Взрослые зрители обрадованно запереговаривались: как все удачно получается!

Им-то что! Это ведь не им, а Максиму в санчасть, где на стеклянных полках всякие блестящие штуки: щипцы, ножницы, шприцы…

– Может, не надо? Подсохнет, – жалобно сказал он.

Летчик проурчал что-то по-медвежьи, подхватил Максима, как щепочку, и понес. Куда денешься с такой высоты из таких могучих лап?

А может быть, все еще обойдется? Перевяжут – и дело с концом. Не обязательно же прививка…
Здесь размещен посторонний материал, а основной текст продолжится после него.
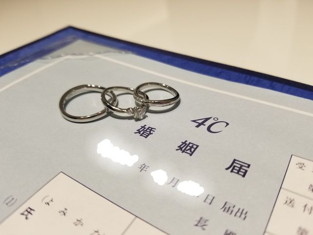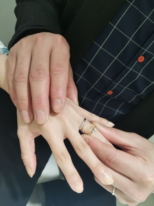 婚約指輪、結婚指輪共に指が綺麗に見える細めのもの、リングがウェーブになっている指長効果の指輪を選びました。
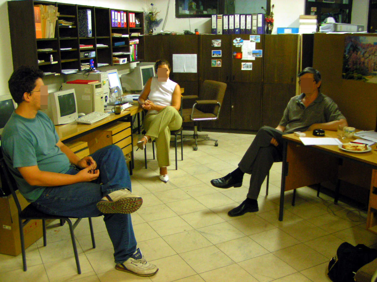 Овај лево, неки Шошкић, је можда саставио месец-два кад сам ја отишао, био тада Кечиги шегрт; Нена је у пуној форми, а видим и ципеле шиљате као што се сад носи тамо, само нисам беле виђао. Ма, амерички смисао за боје се састоји у самопорицању. Сале (десно) исти као што је и био. Нисам сигуран да ли је доручковао, и ако јесте, да није случајно на празан стомак. Деловао је умерено весело. Ма сви су се обрадовали што ме виде, посебно Грги кад је наишао током кафе. Мислим да сам видео и Милку; остали су били којегде на терену.

Максим слегка успокоился. Сидеть было удобно. Он плыл над тротуаром, покачиваясь, как в люльке. От летчика пахло крепким одеколоном и табаком. У него были седые брови, клочковатые светлые волосы и большой круглый нос в прожилках. А глаза были ласковые. И Максим вдруг подумал, что летчик похож на Деда-Мороза, которого побрили и одели в форму.

Летчик принес Максима к старенькому "Москвичу", усадил на переднее сиденье. Сам зашел с другой стороны, стал втискиваться в кабину. "Москвич" застонал и присел на рессорах.

– Старость… – сказал летчик и немного смущенно покосился на Максима. Потом озабоченно спросил: – Не болит? Не сгибай пока ногу.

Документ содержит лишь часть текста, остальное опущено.